Well the other day my mom and dad left on an errand so we secretly let the baby out in the living room! Snapped this picture.










Naughty goat!


----------



## StaceyRosado (Oct 5, 2007)

hehe :wink:


----------



## AlaskaBoers (May 7, 2008)

lol! :wink:


----------



## rkalgren (Sep 22, 2008)

I won't tell, but you better keep her away from the computer.


----------



## Crissa (Oct 7, 2007)

I probably should huh? I can just see her typing away on here! :ROFL:


----------



## toth boer goats (Jul 20, 2008)

:ROFL: :ROFL: :ROFL: mum's the word... :wink:


----------



## Thanatos (Mar 16, 2009)

Thats funny, I have that same issue here with MY daughter.
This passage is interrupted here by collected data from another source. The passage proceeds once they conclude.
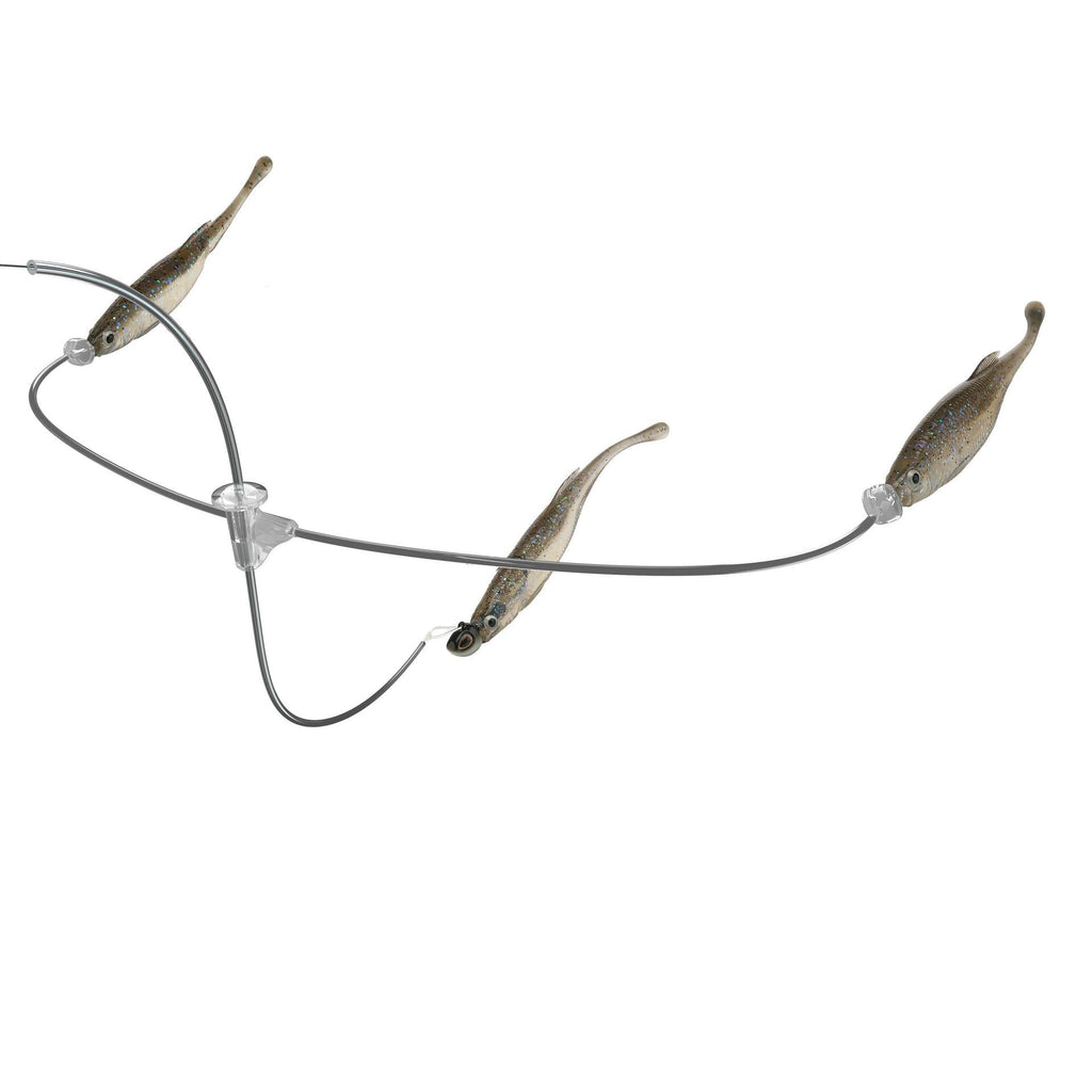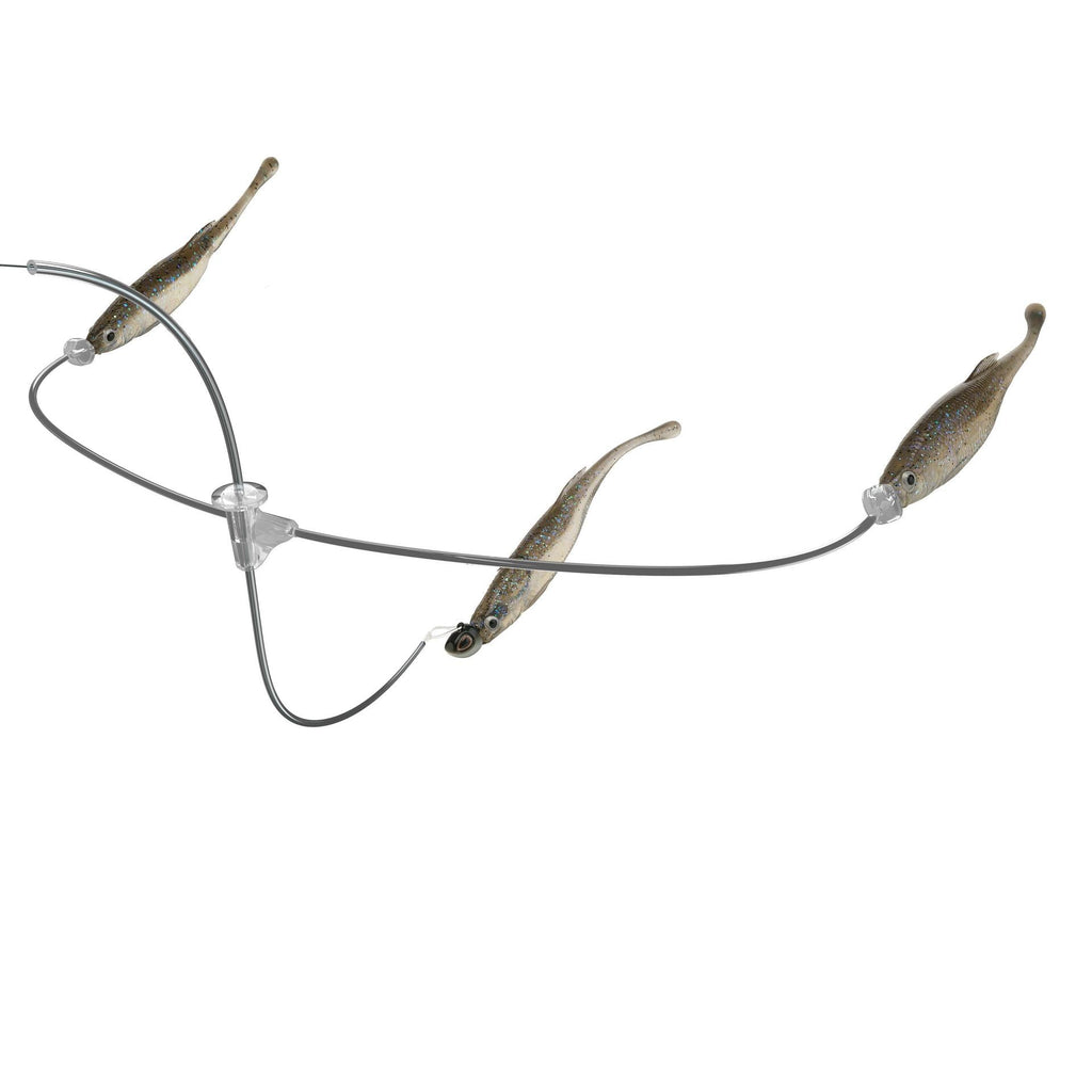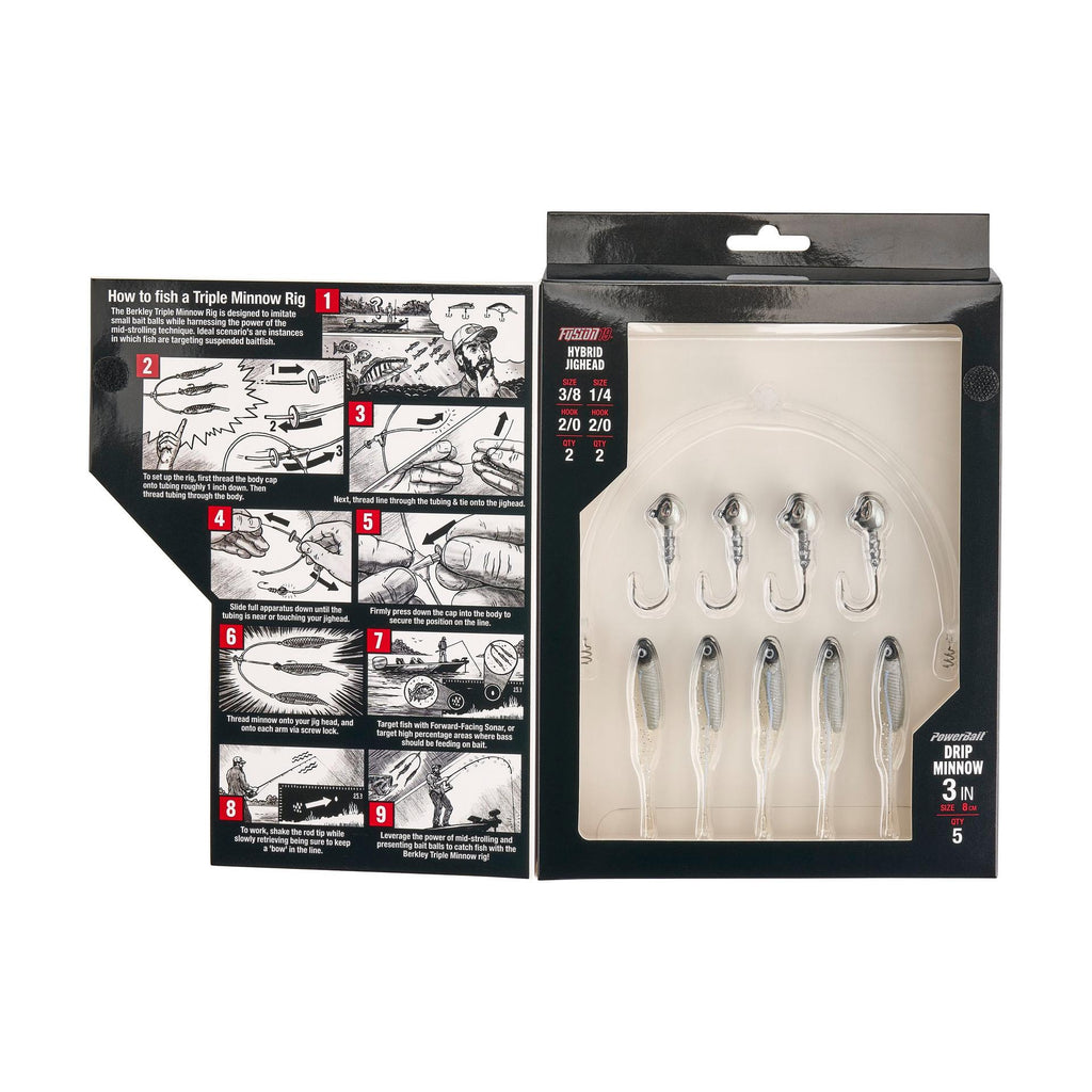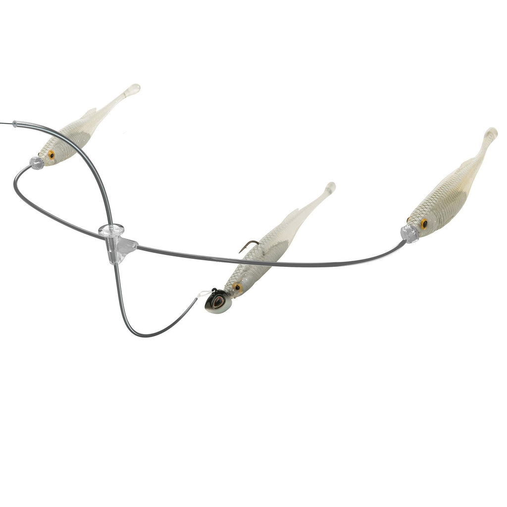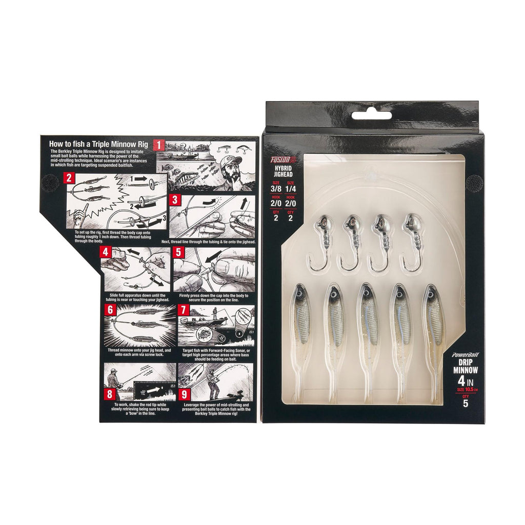 Conceived from the ancestral link of predator, prey and bioenergetics, the Berkley Triple Minnow Rig revolutionizes the art of presenting a jighead and minnow. Featuring three minnows working in harmony, the Triple Minnow Rig presents a discreet bait ball within the methodology of mid-strolling. Developed in the depths of Berkley Labs, its line-through design ensures the main-line minnow rolls effortlessly, delivering flawless, lifelike action. Clear fluorocarbon and thermoplastic construction minimize visibility, making the rig nearly invisible underwater. Secured with precision, it stays in place without damaging the line while reducing tangles. Harness the rhythm of nature and leverage the power of presenting a bait ball whilst using the most effective finesse technique with the Berkley Triple Minnow Rig.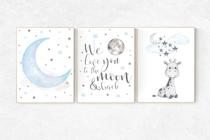 Giraffe nursery, we love you to the moon and back, Blue and gray, Nursery decor boy, nursery decor giraffe, clouds and stars, blue grey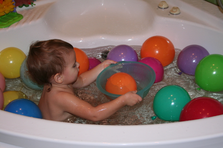 Игры в ваннойОказалось очень интересным занятием купание с шариками. Только шарики надо надувать поменьше, а воды набирать в них побольше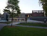 Political activism has played a crucial role in forming the spirit of the Sarah Lawrence community since the early years of the college. As early as 1938, students were volunteering in working-class sections of Yonkers, New York to help bring equality and educational opportunities to poor and minority citizens, and the Sarah Lawrence College War Board, organized by students in the fall of 1942, sought to aid troops fighting in World War II. During a time when the college's enrollment consisted of only 293 students, 204 signed up as volunteers during the first week of the War Board.[35] During the so-called McCarthy Years, a number of Sarah Lawrence's faculty members were accused by the American Legion of being sympathetic to the Communist Party, and were called before the Jenner Committee.[36] Since that time, activism has played a central role in student life, with movements for civil rights and against the Vietnam War in the 1960s and for student and faculty diversity in the 1980s. Also in the 1960s, students established an Upward Bound program for students from lower-income and poverty areas to prepare for college.[37] Theatre Outreach, the Child Development Institute, the Empowering Teachers Program, the Community Writers program, the Office of Community Partnership, and the Fulbright High School Writers Program are among the many programs founded since the 1970s to provide services to the larger community. In the late 1980s, students occupied Westlands, the main administrative building for the campus, in a sit-in for wider diversity. Students occupied Westlands again in 2016, in a sit-in supporting improved wages and safer working conditions for the college's recently unionized facilities workers. For many years, the college has been considered as being at the vanguard of the gay rights movement and many other progressive causes.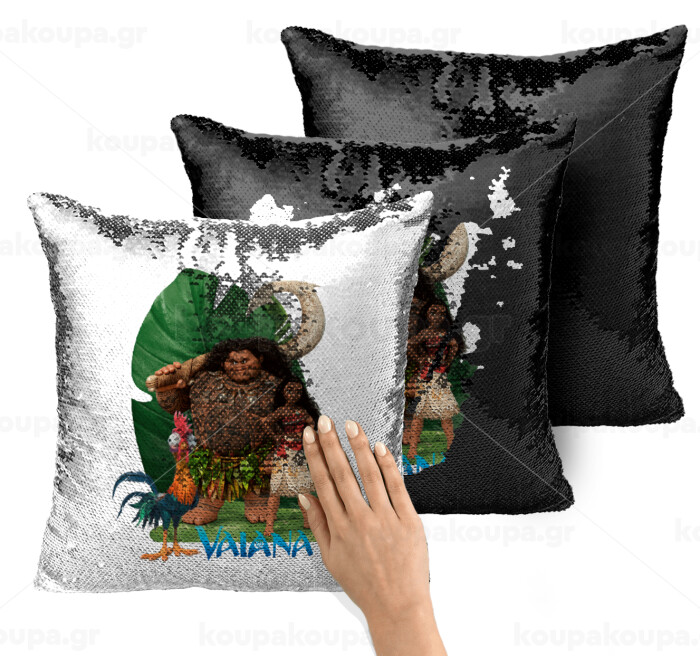 Vaiana, Μαξιλάρι καναπέ Μαγικό Μαύρο με πούλιες 40x40cm περιέχεται το γέμισμα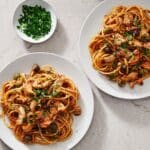 This One-Pan Tuna Pasta is a savory and satisfying Italian-inspired dish featuring al dente long pasta tossed in a flavorful sun-dried tomato and anchovy sauce, enriched with capers, olives, and chunks of tuna in olive oil. Quick and simple to prepare, this recipe brings Mediterranean flavors together in one skillet for an easy yet impressive meal perfect for weeknights.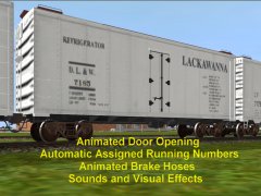 Accommodates CMTMSystem3 car destination system. WARNING! Huge number of product dependencies. This 40ft reefer employees random assigned running numbers and animated air brake hoses with sound, small dust cloud with door openning. RPearson's gs script file for this car is a brillant piece of work and what really makes this animated reefer perform. He can not be thanked enough. Thanks also to Eldavo for the NumberIT library. Thanks also to Madeline Usher whose LODI Loading Direction Indicator is superb and provides the trigger to instruct the car to animate the door opening at older industries, like the Hyde Pulp Mill and the B1 Industry when loading general goods, etc. Please note that car may not animate at all industry load and unload locations. See the ReadmeDoor.txt file for additional information. Many thanks to the creators of the dependency items particularly msgsapper and llj. Created with Gmax, Blender and Jasc Paint Shop Pro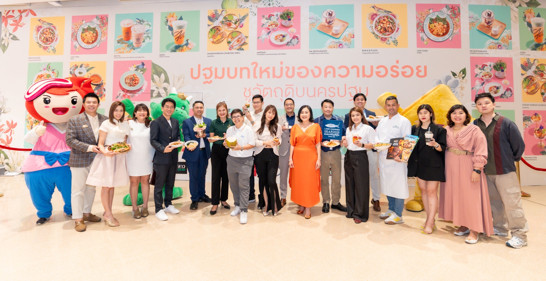 เซ็นทรัล นครปฐม เปิดโปรเจคต์พิเศษ ตอกย้ำ “เมืองแห่งครัวโลก” จับมือ 16 ร้านอาหารชั้นนำ ได้แก่ Bar B Q Plaza, Saemaeul, Salad Factory, Sukishi Korean Charcoal Grill, ลาวญวน, แหลมเจริญซีฟู้ด, KOI Thé, ชาตรามือ, MK Restaurants, Shabushi, Gaga, Zen, Sizzler, Oishi Ramen พร้อมด้วยร้านดังท้องถิ่นอย่าง เสน่ห์จันทน์ และ ย้อยหย่อย Café รังสรรค์ “ปฐมบทใหม่ของความอร่อย” ชู 4 วัตถุดิบท้องถิ่นของดีของขึ้นชื่อนครปฐม ไม่ว่าจะเป็น ส้มโอ หมู มะพร้าวน้ำหอม กุ้งแม่น้ำ สร้างสรรค์เป็นจานอร่อยครบรส ทั้งคาว-หวาน ไทย-อินเตอร์ พร้อมแล้วที่ให้ทุกคนได้ลิ้มลองเฉพาะสาขาเซ็นทรัล นครปฐม เท่านั้น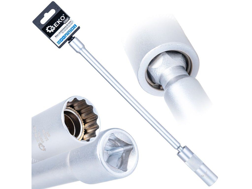 Tenkostěnný otočný klíč na zapalovací svíčky 16 mm s 3/8" pohonem, vyrobený z chrom-vanadiové oceli (CrV). Tenkostěnná konstrukce umožňuje práci v úzkých a hlubokých otvorech pro zapalovací svíčky a integrovaný univerzální kloub umožňuje volný pohyb pod úhlem v těžko přístupných místech motorového prostoru.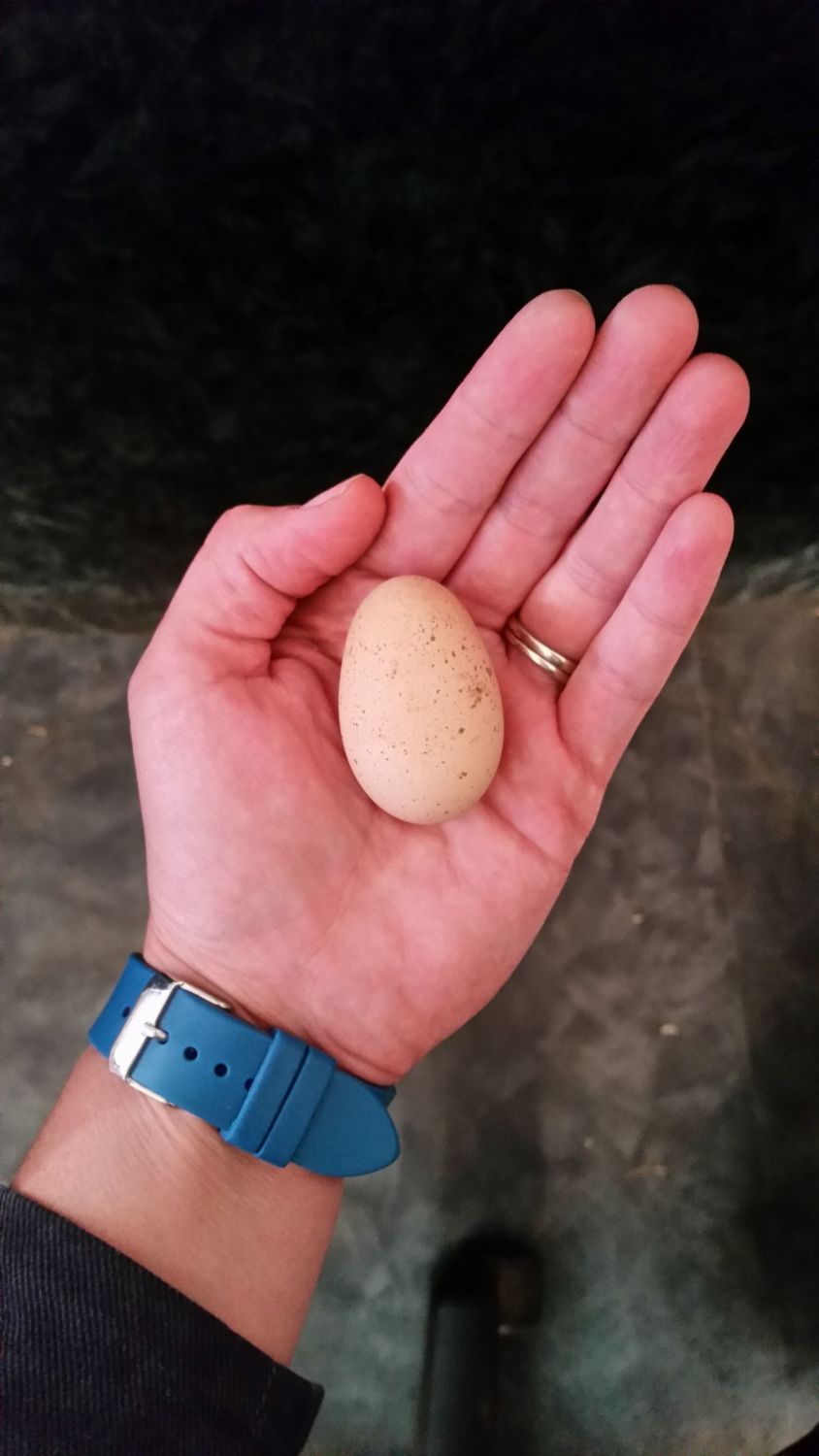 My maran, Countess Chocula, JUST laid her first egg. It is small (like my other breeds' first eggs) and spotted! She is about 25 weeks old. It all began six months ago, and I am very much enjoying being a chicken lady!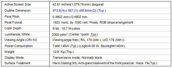 The HY0430GL02 is a Color Active Matrix Liquid Crystal Display with an integral the Source PCB and Gate implanted on Panel (GIP) . The matrix employs a-Si Thin Film Transistor as the active element. It is a transmissive type display operating in the normally black mode. It has a 43.0 inch diagonally measured active display area with W UXGA resolution (1080 vertical by 1920 horizontal pixel array) . Each pixel is divided into Red, Green and Blue sub-pixels or dots which are arranged in vertical stripes. Gray scale or the luminance of the sub-pixel color is determined with a 8-bit gray scale signal for each dot. Therefore, it can present a palette of more than 16.7M(true) colors.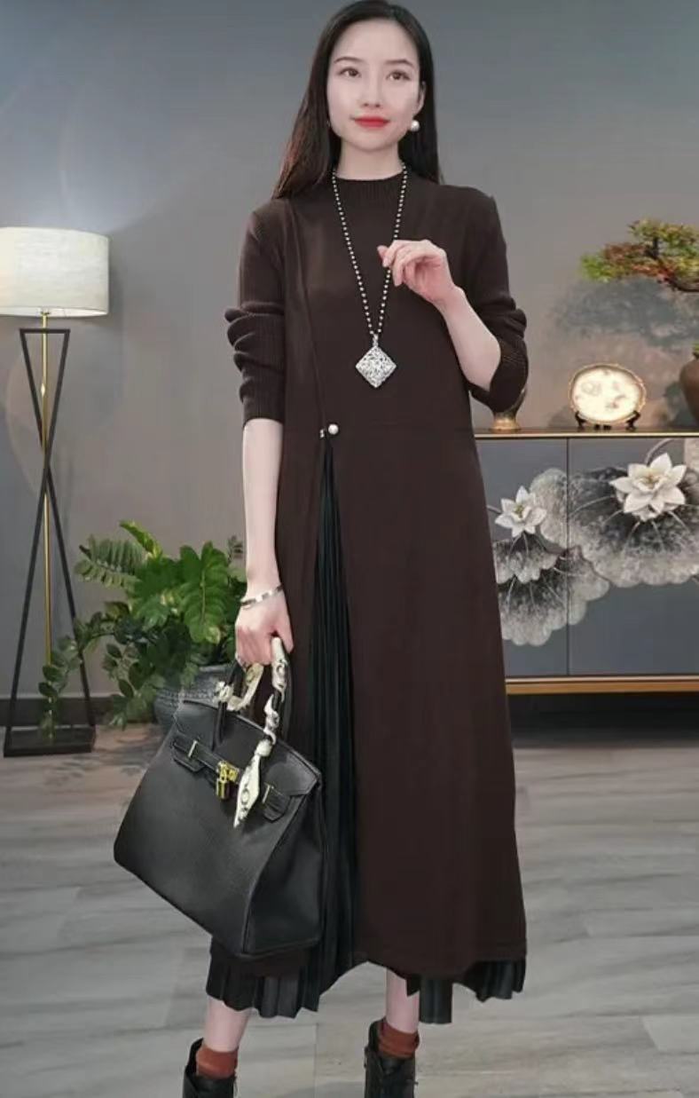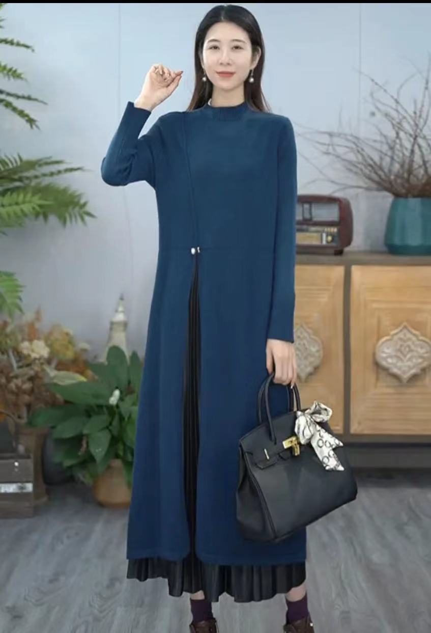 長袖羊毛針織連體裙女過膝長裙假兩件秋冬季新品洋氣保暖百搭減齡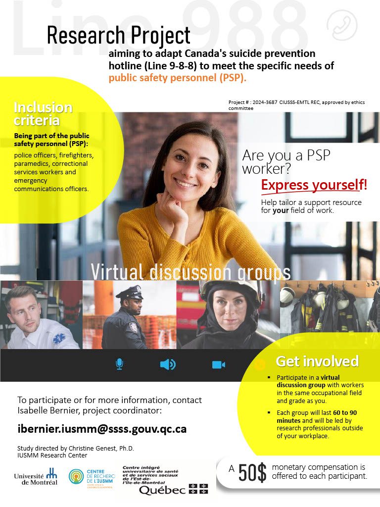 There are various suicide prevention mechanisms, including telephone crisis lines, but PSPs appear unlikely to use such services. The main barriers to using these services are stigma, fear of confidentiality, and the feeling of not being understood by the interveners because of their particular work context. To address this concern, there is a need to offer services tailored to the needs of the PSP population, including the offering of specific services in the context of Canada’s suicide prevention crisis line. It is therefore important to explore what are the cultural specificities and needs of those PSPs and how to adapt services to meet these specificities and needs. If you have any questions, you can contact Isabelle Bernier, the project coordinator, by email at the following address: ibernier.iusmm@ssss.gouv.qc.ca

I keep findin a kidd in the house runnin on the furnature :angry: :ROFL: I think its great, just wish you could house break em. :shrug:


----------



## sweetgoats (Oct 18, 2007)

Hope she did not leave her mark on the furniture. :leap:


----------



## keren (Oct 26, 2008)

Crissa said:


> Naughty goat!


Naughty Crissa!

Too cute


----------



## HollowbeadRanch (Oct 5, 2007)

:ROFL: yeah Crissa.... you better hope she never joins TGS! :ROFL: 

too cute!


----------



## sparks879 (Oct 17, 2007)

LOL Cissa! the first time my kids started bouncing on the couch mom said i had to take them outside.She sure is a cuyie i love solid ears!
beth


----------



## Crissa (Oct 7, 2007)

Thank you all! And what's better is that she actually IS potty trained! If you put her either on a puppy pad or put her outside she'll go right away and refuses to go inside. (so far, knocking on wood!)


----------



## liz (Oct 5, 2007)

Oooooo...you little devil! Looks like Miss Ebony had quite a bit of fun!


----------



## Coraxfeather (Oct 9, 2008)

Actuly Pancakes and Dude are both house broken. Just takes time and a little bit of work and you can do it. Both of my boys go potty on news paper!


----------



## Crissa (Oct 7, 2007)

Got a couple more pictures of her playing _outside_ this time. :wink:


























And she's not as wide as I would like in the rear.


----------



## HollowbeadRanch (Oct 5, 2007)

I think she is just the prettiest thing! I LOVE her being solid black! Very striking!


----------



## Crissa (Oct 7, 2007)

Thank you! She looks solid black but she's got two tiny white hairs on her head and two hidden on her side! Wonder if those classify as spots? :ROFL: I'm really quite happy with her though, definately an improvement on mom. I'm going to email to see if they can send me a picture of Heidi's udder. :wink:


----------



## Cinder (Mar 3, 2008)

I keep thinking about bringing my new kids into the house to play when my hubby's not home! So, I won't tell your parents. :thumb:


----------



## Crissa (Oct 7, 2007)

hehe, thanks!


----------



## toth boer goats (Jul 20, 2008)

she is so cute.....hopping around ....really stretching her legs..... :greengrin:  
Yahooooooooooooo ~!


----------



## Amy Goatress (Oct 2, 2008)

How cute!


----------



## RowdyKidz (Apr 2, 2009)

LOL! How cute and too funny!! Don't worry, I won't tell!!


----------